NLP Intro: What is tf-idf and how to use it?
Text analysis often involves comparing multiple texts or even collections of documents. This can require vertical (deep-diving in one text) and horizontal analysis (identifying common or differing patterns across documents).
A common way to make such comparisons is through a statistic called tf-idf. The name sounds really cryptic, but it is just a handy abbreviation of two commonly analysed metrics in text analysis:
- tf is term frequency: the rate of commonly appearing terms in a text (it can refer not just to individual words but also to phrases)

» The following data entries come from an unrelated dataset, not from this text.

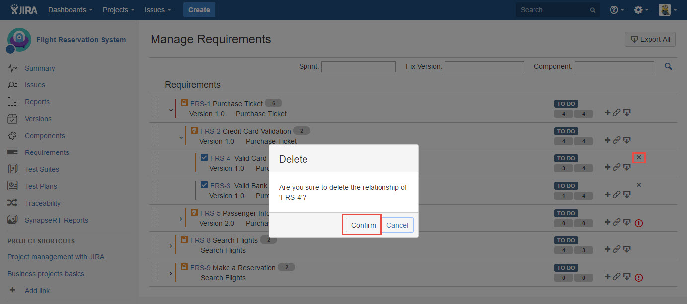 Note: It is not allowed to remove a requirement with child requirements associated. You are allowed to remove it only after all its child requirements are cleaned up.
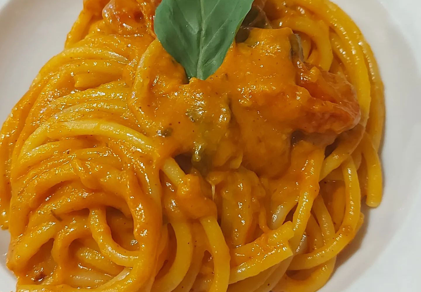 Poi, fate cuocere gli spaghetti. Una volta cotti, scolateli e versateli in una padella con la salsa di e mantecate il tutto per bene. Successivamente, posizionate gli spaghetti a forma di “tubo” al centro del piatto e condite con la salsa di pomodoro. Disponete i pomodorini confit ripieni sopra, aggiungete 2-3 cucchiai di pesto al basilico e spolverate con la polvere di pomodoro. Buon appetito! Leggi anche: Spaghetti alla Saponara, più veloci dell’aglio e olio. Così buoni che Edoardo De Filippo gli dedicò una poesia, li preparava in 5 minuti
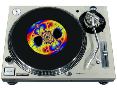 High quality felt turntable slipmat imprinted with an image of Fractal 9. The mat is regular thickness (3/32" or 2mm) and is sized to fit any 7 inch turntable. It is anti static, has a glazed bottom to grip and avoid slippage, feels great and works well for scratching or just playing your records. The image is impregnated into the surface of the mat, so it cannot scratch off or damage the record.
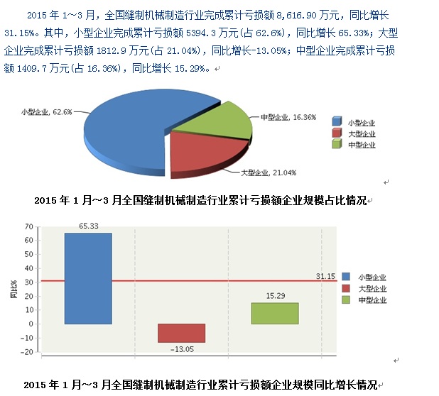 2015年3月全国缝制机械制造行业小型企业累计亏损额增速最快
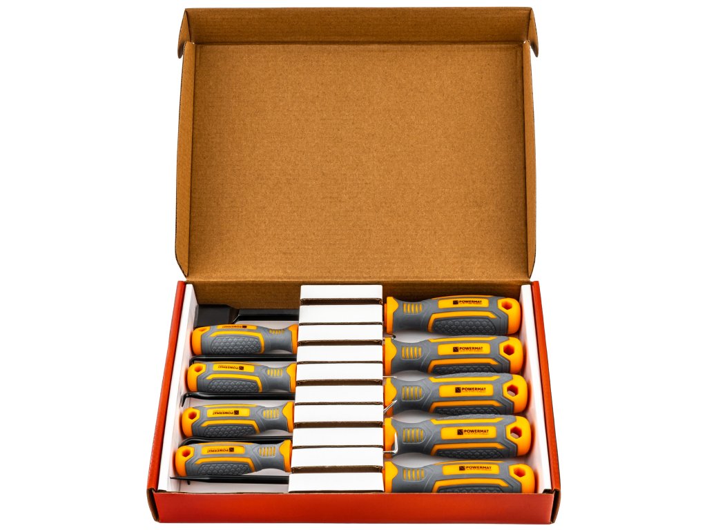 Nástroje jsou vyrobeny z kalené oceli s tvrdostí 40 HRC, která zajišťuje vysokou odolnost proti opotřebení, deformaci i prasknutí při intenzivním používání v dílně.
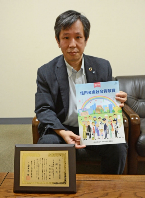 信用金庫社会貢献賞の個人賞を受けた馬場康博さん=柏崎信金本店 (2021/07/17)
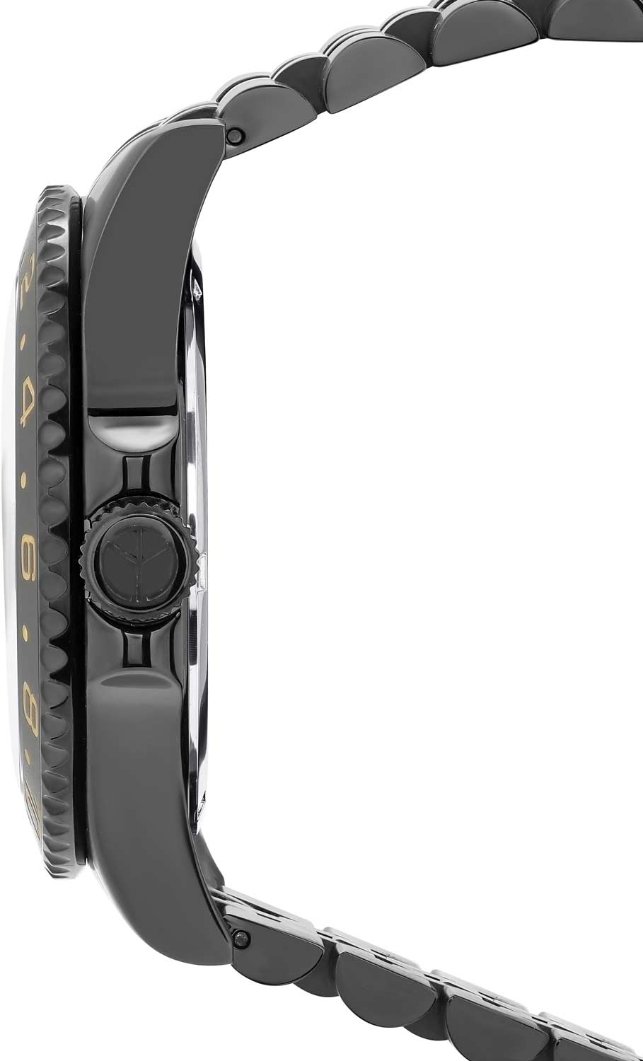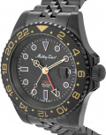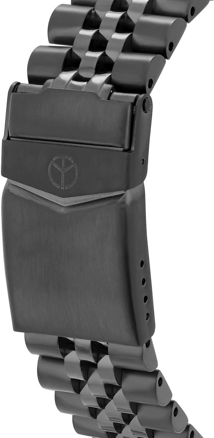 Окошко даты с увеличительным стеклом находится в положении 3 часа. Завинчивающаяся заводная головка с защитой. Стальной браслет с черным PVD покрытием и раскладывающейся застежкой с фиксатором.
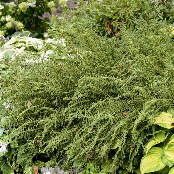 General Information: A dense mound of cascading dark green fronds. The end and sides of each pinna is crested in a crisscrossing pattern for additional garden texture.
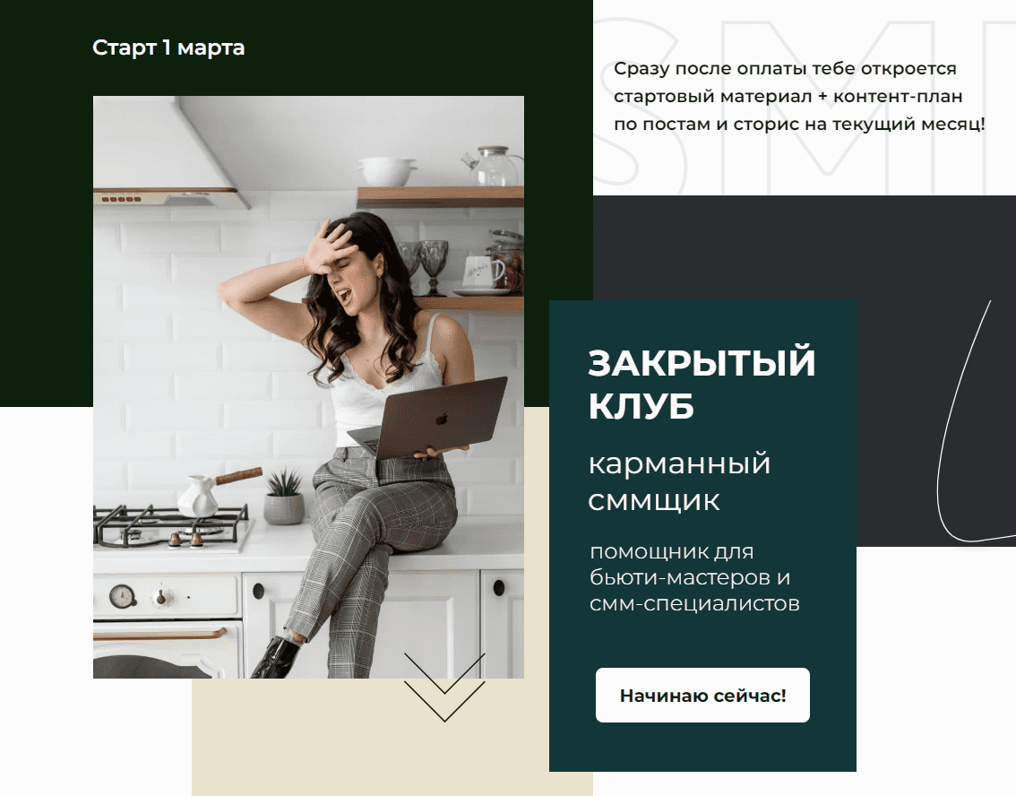 Новый формат обучения - ежемесячные вебинары, сборник инструкций и пошаговых рецептов по привлечению клиентов, идеи, креативы, контент-планы и многое другое. Никаких многочасовых лекций и воды - клуб станет твоим личным СММ-помощником, который просто и эффективно скажет, что делать, чтобы привлечь клиентов!
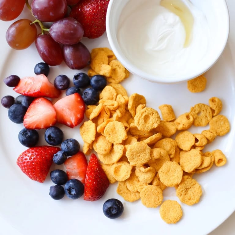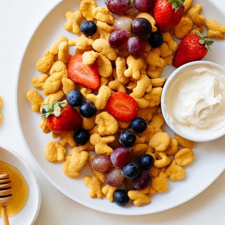 Save to Pinterest A fun, colorful, and crunchy kid-friendly snack pile featuring rainbow Goldfish crackers, fresh fruit, and creamy yogurt dip—perfect for playdates or after-school treats.
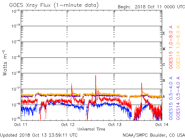 De operationele data in de bovenstaande grafiek werd aangepast om de schaalfactor te verwijderen die werd toegepast door het Space Weather Prediction Center (SWPC). Vanwege de SWPC-schaalfactor in de operationele data werden de zonnevlammen 42% kleiner gerapporteerd dan deze in de wetenschappelijke data. De schaalfactor werd ook verwijderd uit de lijst met zonnevlammen om de werkelijke fysieke eenheden weer te geven.
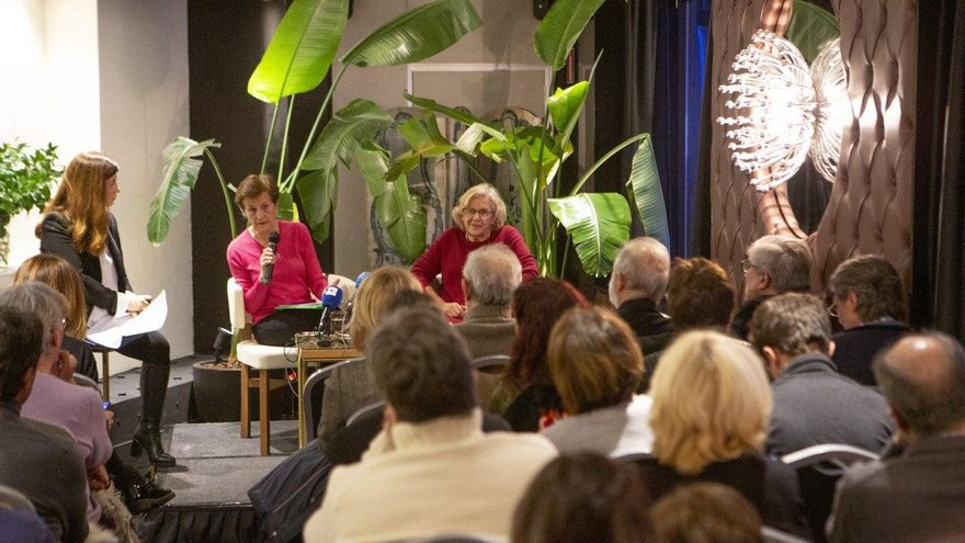 En una sala del hotel Vincci de Callao, estrecha y abarrotada de cámaras, Carmena se ha sentado alrededor de una mesa con la catedrática de Ética Adela Cortina como invitada y la desigualdad como tema nuclear de la conversación. El punto de partida del debate han sido precisamente unas declaraciones del actual alcalde de Madrid que vinculó la falta de equidad con las sociedades desarrolladas.
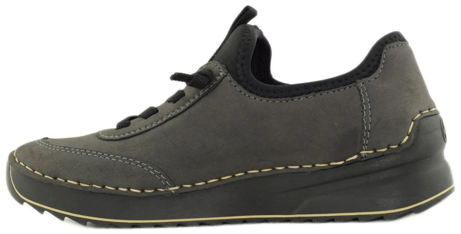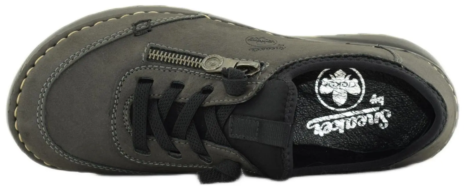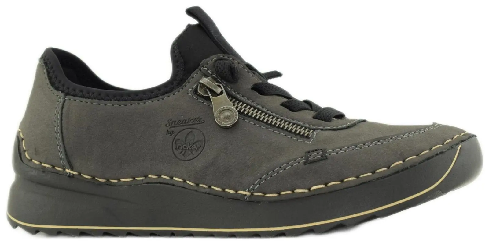 Женские кроссовки Rieker серого цвета. Верх кроссовок выполнен из экокожи - качественного материала нового поколения - дышащего, воздухопроницаемого, износостойкого. Текстильная подкладка создаёт комфортное ощущение и благоприятный микроклимат внутри обуви. Мягкая стелька из натуральной кожи обеспечит максимальный комфорт при носке, подстраиваясь под форму Вашей стопы. Подошва из полиуретана лёгкая, гибкая, стойкая к истиранию, отлично амортизирует и значительно снижает ударную нагрузку на суставы при ходьбе. Прошивной метод крепления подошвы очень надёжный и гарантирует долгий срок службы обуви. Благодаря эластичному язычку и резиновому шнурку, модель подойдёт на любой подъём, а широкая носовая часть подарит комфорт для пальцев ног. Металлический замок с внешней стороны кроссовок является декоративным элементом, изящно украшающим модель. Благодаря лёгкости и удобству колодки Antistress, эти кроссовки станут прекрасным выбором для повседневной носки.
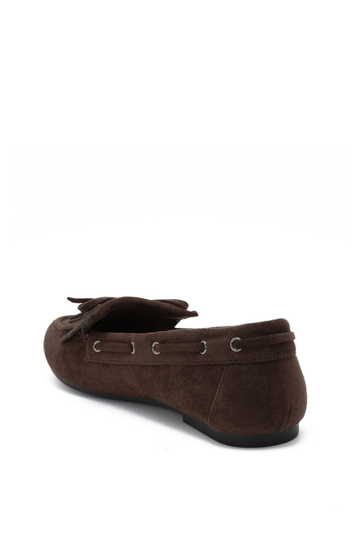 O LUANNE combina conforto absoluto com um toque clássico e feminino. Confeccionada em camurça macia, destaca-se pelas franjas delicadas e pelo laço frontal, que acrescentam charme sem perder a simplicidade. Leve e versátil, é a opção ideal para o dia a dia, desde looks descontraídos até composições mais cuidadas.
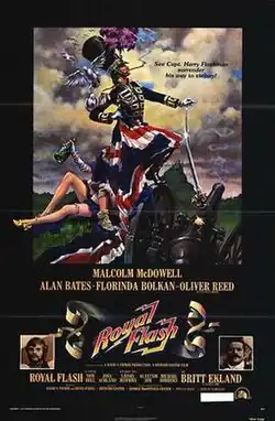 Royal Flash is a 1975 British adventure comedy film based on the second Flashman novel (of the same name, 1970) by George MacDonald Fraser. It stars Malcolm McDowell as Flashman. Additionally, Oliver Reed appeared in the role of Otto von Bismarck, Alan Bates as Rudi von Sternberg, and Florinda Bolkan played Lola Montez. Fraser wrote the screenplay and the film was directed by Richard Lester.
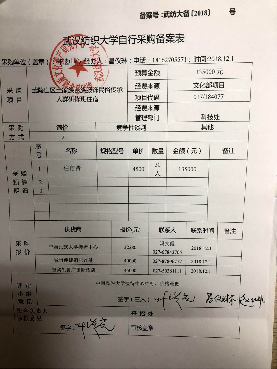 武陵山区土家族苗族服饰民俗传承人群研修班住宿项目采购备案公示
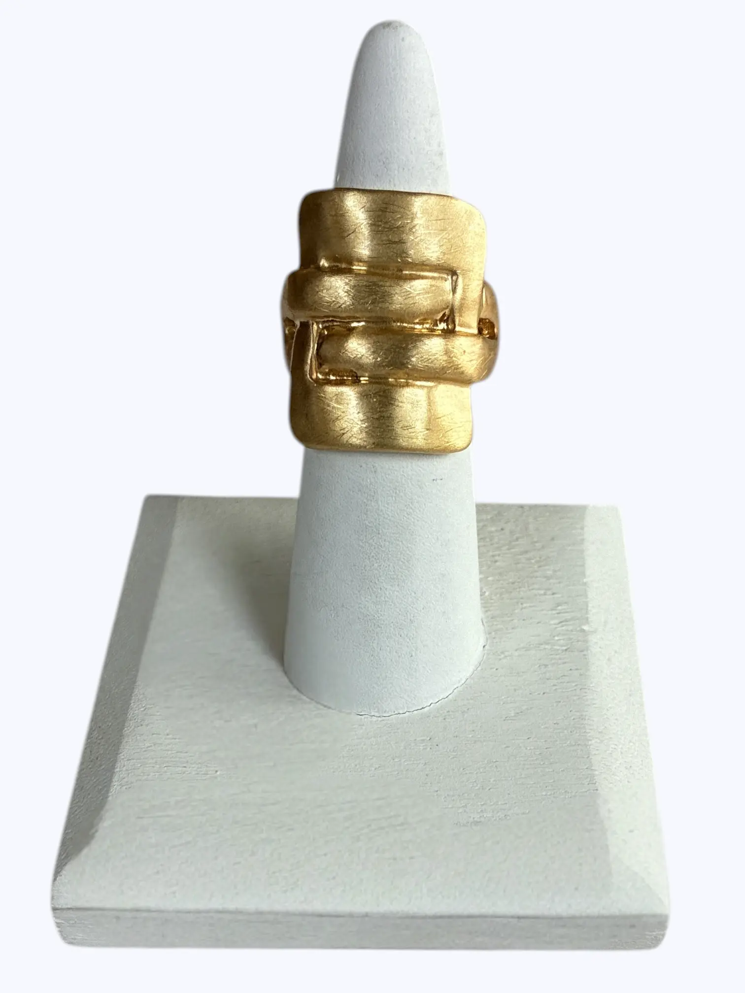 This sculptural wrap stretch ring is a bold boutique piece featuring a fluid, folded design that creates depth and movement from every angle. Crafted with a flexible elastic band, it offers a comfortable, adjustable fit that accommodates various sizes, making it ideal for gifting and easy retail sales. Its contoured, wrap-like structure gives it a modern, artistic appeal while maintaining a wearable balance between boldness and sophistication. This ring performs exceptionally well in contemporary and statement-focused displays, and pairs beautifully with other sculptural or fluid-form accessories for a cohesive, high-impact merchandising presentation.
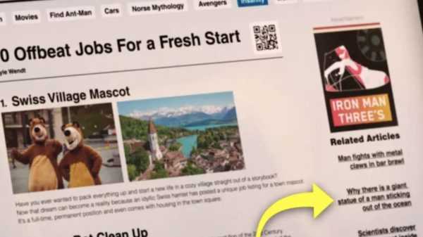 电脑页面上右边的一则消息则是直接提到了「永恒族」电影结局设定“Why there is a giant statue of a man sticking out of the ocean?”(为什么有一个巨大的人像伸出海洋?)
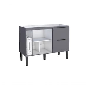 Balcão Para Cozinha Em Madeira Ipanema 120 com tampo - A linha de armários para cozinha Ipanema, é elegante e sofisticada, fabricada com chapas de madeira com acabamento em três versões de cores foscas em todo exterior, possui porta condimentos em aço, prateleira e divisão interna para organizar utensílios, duas gavetas com puxadores exclusivos em estilo minimalista e uma gaveta embutida, dobradiças com amortecimento e pés na cor preta com regulagem de altura.
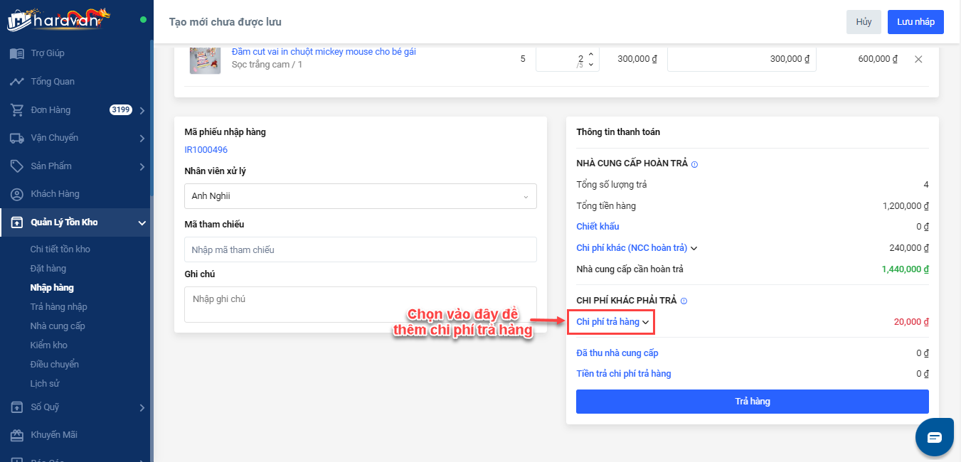 Bước 3: Nhập các khoản bạn phải chi thêm khi trả hàng nhập (nếu có). Ví dụ chi phí nhân công bóc xếp hàng...
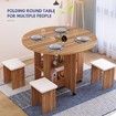 Wooden Folding Dining Table and 4 Chairs Set Round Table with Wheels
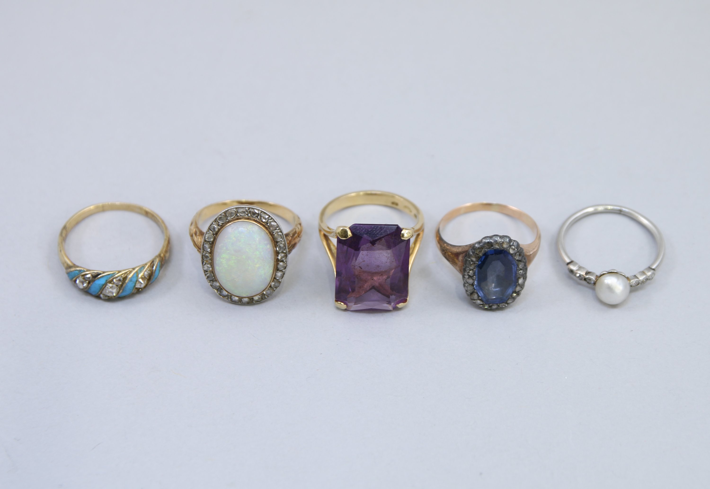 Cinq BAGUES dont quatre en or jaune 750 millièmes et une en or blanc 750 millièmes. La première à décor torsadé alternant turquoise et brillants, la deuxième ornée de nacre entourée de brillants, la troisième présentant une pierre bleue entourée de pierres du Rhin, la quatrième offrant une améthyste taillée, la cinquième présentant une perle entourée de brillants.
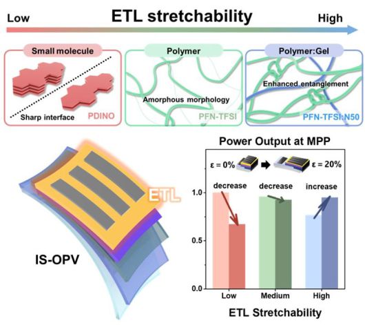 기존의 딱딱한 전자 수송층을 사용한 태양전지는 늘어날 때 전력이 33%나 줄었지만, 새로 개발한 전자 수송층을 적용한 전지는 20%까지 늘어나도 전력 변환 효율을 그대로 유지했다. 연구결과 전지 출력 전력이 0.28mW에서 0.35mW로 약 23% 증가했다는 설명이다. 단순히 유연하기만 한 것이 아니라 '늘어날수록 더 잘 작동하는 태양전지‘가 실제로 구현됐다는 것이다.

- idf is inverse document frequency, a fancy term that refers to weighing commonly used words to highlight which ones are unique to specific documents. In other words, words often appearing across all analysed documents have a lower weight (they are frequently used but also very common across the board), and words used less across documents have a higher weight.
So, for example, if you get a set of 100 cookbooks, words like “chop”, ”boil”, and ”roast” will be very frequent across all of them, but “savoiardi”, “cacio e pepe” and “arancini” are more likely to be prevalent in only a subset of books (those on Italian cuisine) that sets them apart.
Calculating tf-idf is based on multiplying the two types of frequency together. The core goal is to give you an idea of frequently used terms while also correcting and adjusting for how common they are across documents.
Depending on your goals and depth of analysis, this approach can have some drawbacks (explained in detail here), but it is a useful and common technique to master.
A quick example of putting tf-idf into practice
As in previous parts of this series, I am using Project Gutenberg datasets to analyse the works of some of the most prominent literary masters of horror with the help of the tidytext R package textbook.
For better or worse, H.P. Lovecraft has a very bespoke style as a fiction writer. Only so many times can one read the word “Cyclopean” without noticing a pattern. So I decided to use tf-idf to quickly tally which words are typical for specific works.
# Let's download Lovecraft books from project Gutenberg
hpdownload <- gutenberg_download(c(30637,31469,50133,68236,68283,68547,68553),
meta_fields = "title")
# Unnfesting tokens
hp_words <- hpdownload %>%
unnest_tokens(word, text) %>%
count(title, word, sort = TRUE)
#Plotting in ggplot
plot_hp <- hp_words %>%
bind_tf_idf(word, title, n) %>%
mutate(title = factor(title, levels = c("Writings in the United Amateur, 1915-1922",
"The Dunwich Horror",
"The Shunned House",
"The call of Cthulhu",
"The colour out of space",
"The festival")))
plot_hp %>%
group_by(title) %>%
slice_max(tf_idf, n = 15) %>%
ungroup() %>%
mutate(word = reorder(word, tf_idf)) %>%
ggplot(aes(tf_idf, word, fill = title)) +
geom_col(show.legend = FALSE) +
labs(x = "tf-idf", y = NULL) +
facet_wrap(~title, ncol = 2, scales = "free")
Mining the texts for the terms unique to specific books consistently comes up with character names. If that’s not informative for your analysis, you can add them to your list of stopwords, for example. Or use tf-df to track recurring characters in fiction or figures of importance in non-fiction work.